An activist group supporting the Purple Line won a legal victory Thursday when the Maryland Court of Special Appeals ruled the Town of Chevy Chase wrongly sought high fees for copies of public documents concerning the town’s fight against the light-rail line.
The court ruled Chevy Chase violated the First Amendment rights of Action Committee for Transit and member Ben Ross of Bethesda. The town charged the fees, the court ruled, because it expected ACT and Ross to criticize the community’s opposition to the Purple Line.
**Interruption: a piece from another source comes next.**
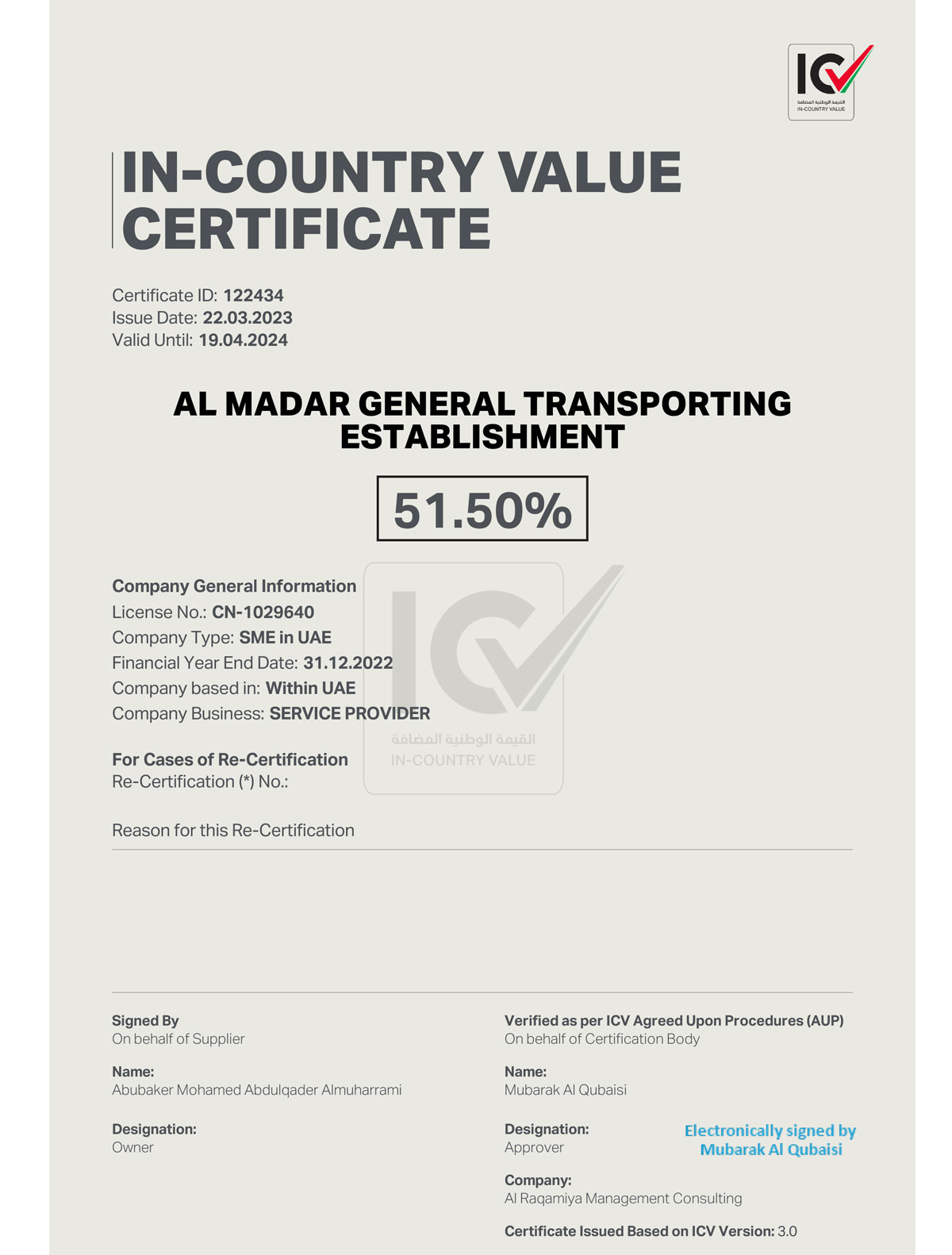 ICV Certificate

“Any time an agency says to you, ‘We’re not giving you this information because we don’t like you or we don’t like the things you say,’ this case says you lose,” said Elliot Feldman of the Baker Hostetler law firm, who represented ACT and Ross pro bono.
Ross hailed the decision.
“I think it’s a real victory for everyone’s right to public information,” Ross said.
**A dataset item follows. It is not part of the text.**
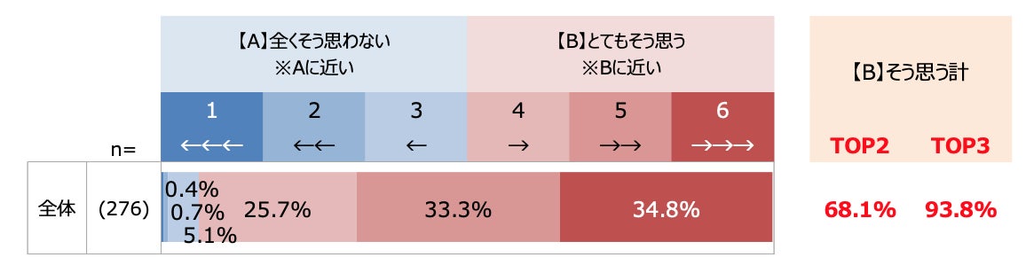 小児・AYA世代のがんについて関心が高まったと回答した人はTOP3【4-6と回答】94%。

Efforts to reach representatives of the town were unsuccessful.
In its ruling, the court said that “without belaboring the issue, we agree with appellants that the First Amendment’s guarantee of free expression of speech protects persons from the imposition of financial burdens based upon the content of their speech.”
In early 2014, ACT sought documentation from Chevy Chase about the town’s hiring of legal, lobbying and public relations firms to fight the Purple Line. The multibillion-dollar Purple Line will connect Bethesda with New Carrollton, with stops in Silver Spring and College Park; the route will pass through Chevy Chase. Construction started last month, then a federal judge vacated federal approval of the project and ordered another study of the Purple Line’s ridership forecasts.
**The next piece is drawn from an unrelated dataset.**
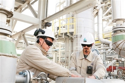伊拉克哈法亞天然氣處理廠項(xiàng)目由中國(guó)石油工程建設(shè)有限公司承建,主要功能是收集和處理哈法亞油田3個(gè)中心油氣處理廠的伴生氣和凝析液,有效減少該地區(qū)油田伴生氣放空燃燒,從而保護(hù)環(huán)境。圖為中方技術(shù)人員帶領(lǐng)當(dāng)?shù)貑T工對(duì)現(xiàn)場(chǎng)調(diào)節(jié)閥進(jìn)行檢測(cè)。
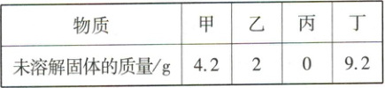 7. $20^{\circ}C$时,取甲、乙、丙、丁$4种纯净物各20g$,分别加入$4个各盛有50g$水的烧杯中,充分溶解,其溶解情况如下表(温度保持在$20^{\circ}C$)。下列说法正确的是(

Although the town complied with ACT’s first information request, in subsequent requests the town insisted ACT and Ross pay to cover research costs. The Maryland Public Information Act allows government agencies to charge reasonable fees, and they can waive research and copying costs if the requests are deemed to be in the public interest. In January 2015, Ross and the organization appealed the costs in a suit filed in Montgomery County Circuit Court.
On June 30, that court sided with the town.
However, in defending its position, the town claimed ACT and Ross had engaged in a “smear campaign” against the town concerning its Purple Line opposition.
The Special Appeals court’s decision quoted a memorandum from the town that read:
“ACT had posted false accusations against the Town on ACT’s website and had repeatedly attacked the Town because of the Town’s opposition to the proposed Purple Line project, accusing the Town of acting illegally. The Town, like any private citizen, is entitled to take a position on the public issue. … Thus, the Town rightfully disbelieved ACT and Ross’s claims that the request for the fee waiver was in the ‘public interest.’ ”
The Special Appeals court sent the case back to the circuit court for further proceedings.